3. Generate public and private keys for the new user by following the instructions in How to Generate Key Pairs.

   Do not reuse the keys that you generated for communication between the Master Server, Local Distributors, and Remote Agents.

4. On the CLI Client, copy the public key file to the new user's authorized_keys2 file on the Master Server machine.

   % cp User-home-CLI/.ssh/id_rsa.pub User-home-MS/.ssh/id_rsa.pub

   User-home-CLI is the home directory on the CLI Client machine. User-home-MS is the home directory on the Master Server machine.

5. On the Master Server, concatenate the public key to the /.ssh/authorized_keys2 file for that user.

   % cat /User-home/.ssh/id_rsa.pub >> /User-home/.ssh/authorized_keys2

   User-home is the home directory of the currently logged in user on the Master Server machine.
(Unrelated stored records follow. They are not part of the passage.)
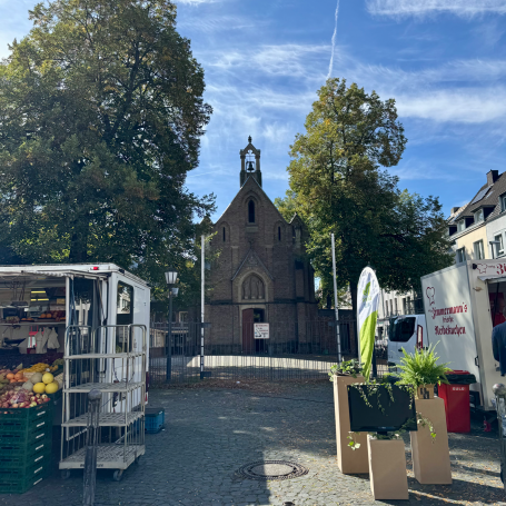 Ein Stück weiter wird es ruhiger. Die Basilika St. Kunibert steht seit Jahrhunderten da – als stiller Zeuge des Trubels.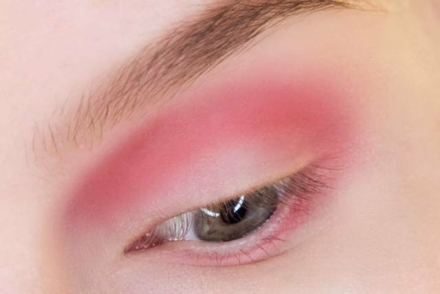 Step 2: add a vibrant accent. From the palette, choose matte shadows with a red or pink undertone. We apply the “loop” in the technique: along the fold of the eye, up onto the fixed eyelid, draw the outer corner.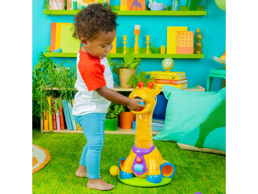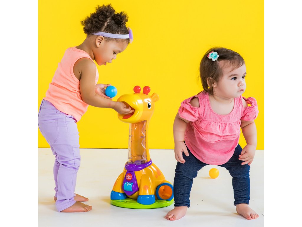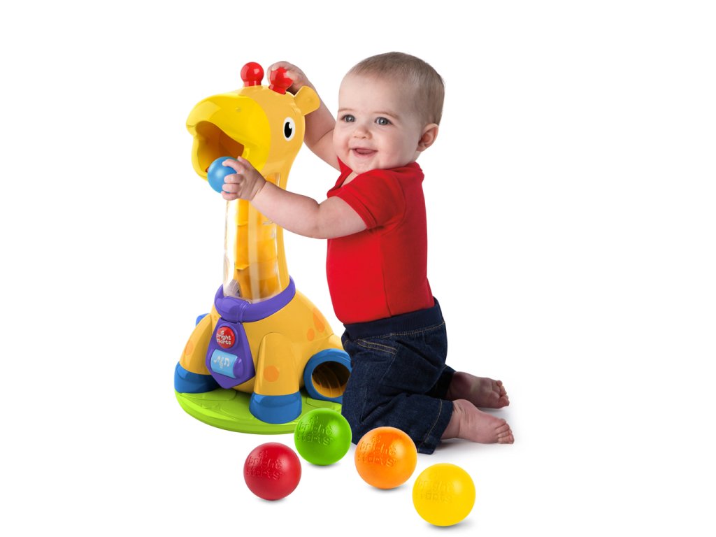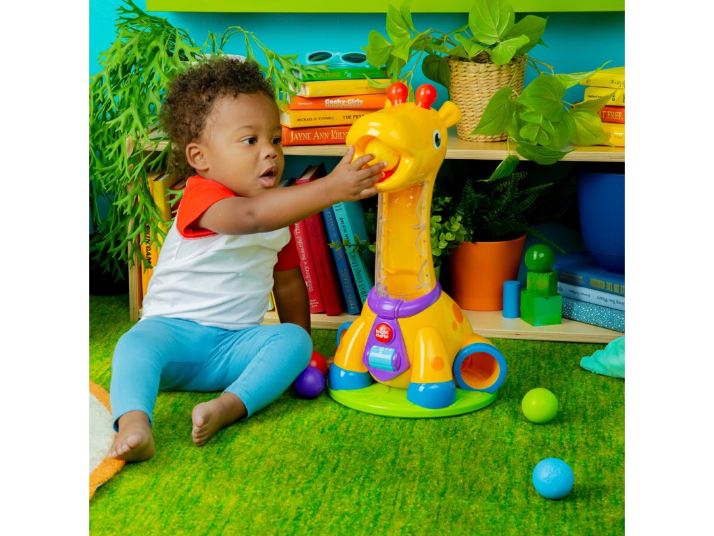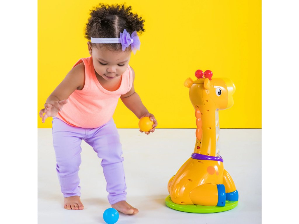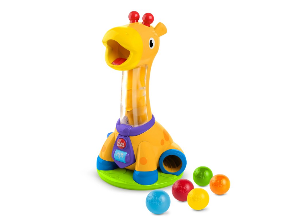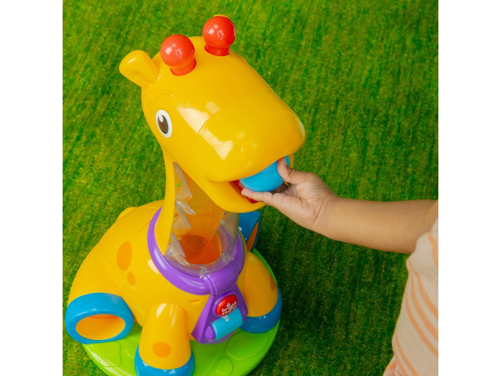 - Vložte loptičky do úst žirafy Bright Starts Spin & Giggle Giraffe; Bábätko si môže precvičovať jemnú motoriku, zatiaľ čo žirafu „kŕmi“ loptičkami, čo tiež aktivuje hudbu a svetlá.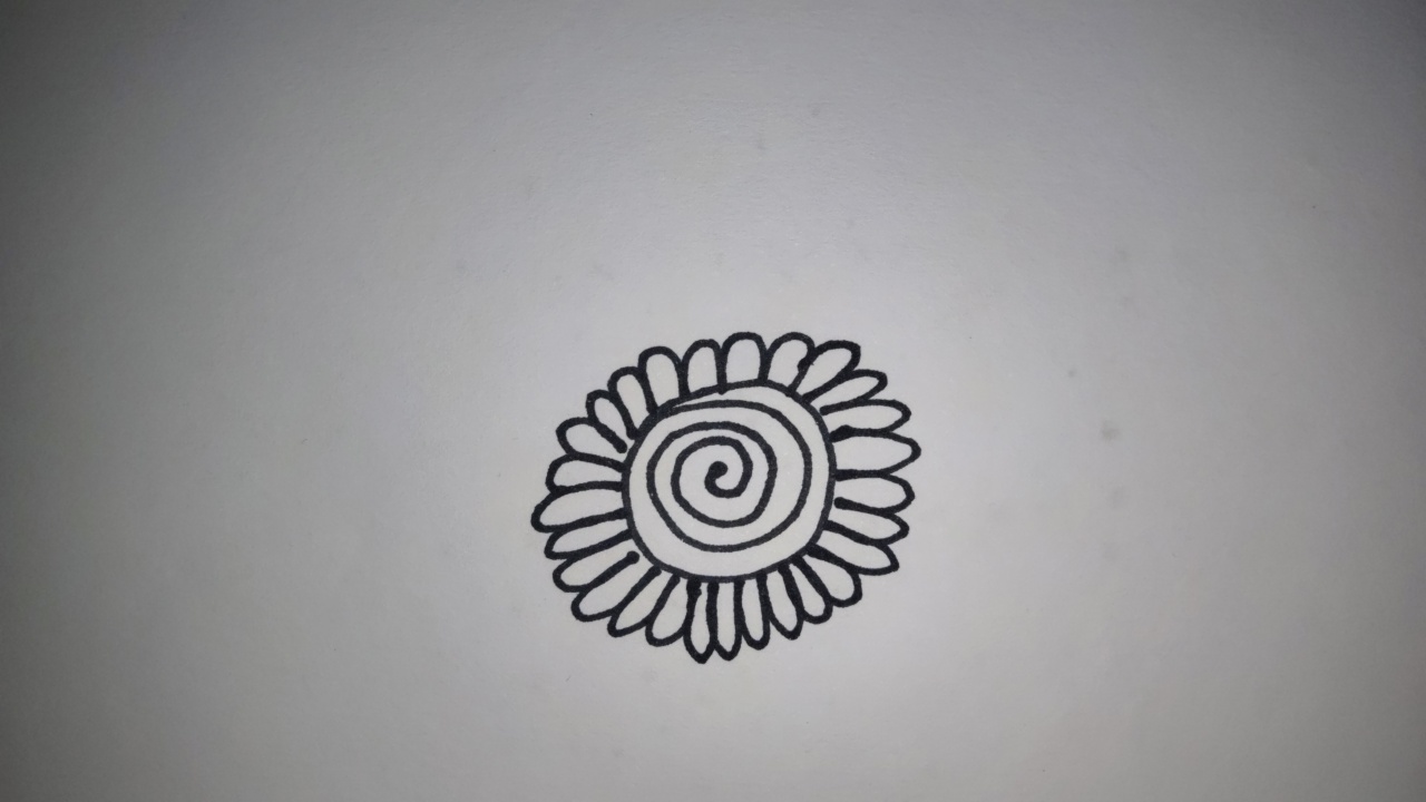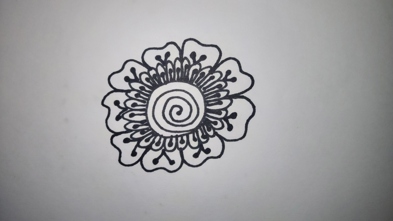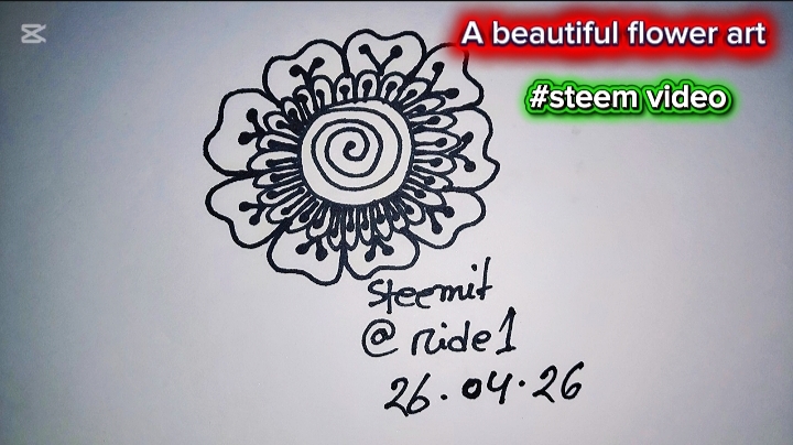 Para compartir el video de hoy, primero tomé un cuaderno y un bolígrafo. Luego, tomé el círculo en el centro de esta flor. De hecho, hice un diseño de flor redonda. Después, hice algunos diseños de flores encima del diseño de la flor. De manera similar, hice un diseño con pétalos grandes en la parte superior. Espero que les guste mucho el video de hoy. Cuídense mucho y manténganse sanos, gracias.

6. Log in to the CLI Client machine as the new user that you created.

7. Test the SSH connection.

   % ssh IP-Address-MS set

   IP-Address-MS is the IP address of the Master Server machine.

   You might be prompted to exchange keys.

8. If you are prompted to exchange keys, answer yes.

9. Verify that the PATH variable is set correctly.

   The PATH variable must contain /bin, /usr/bin, and any other directories that are part of your environment.

10. Configure the Master Server to accept only connections from localhost. For instructions, see Configuring the JVM Security Policy.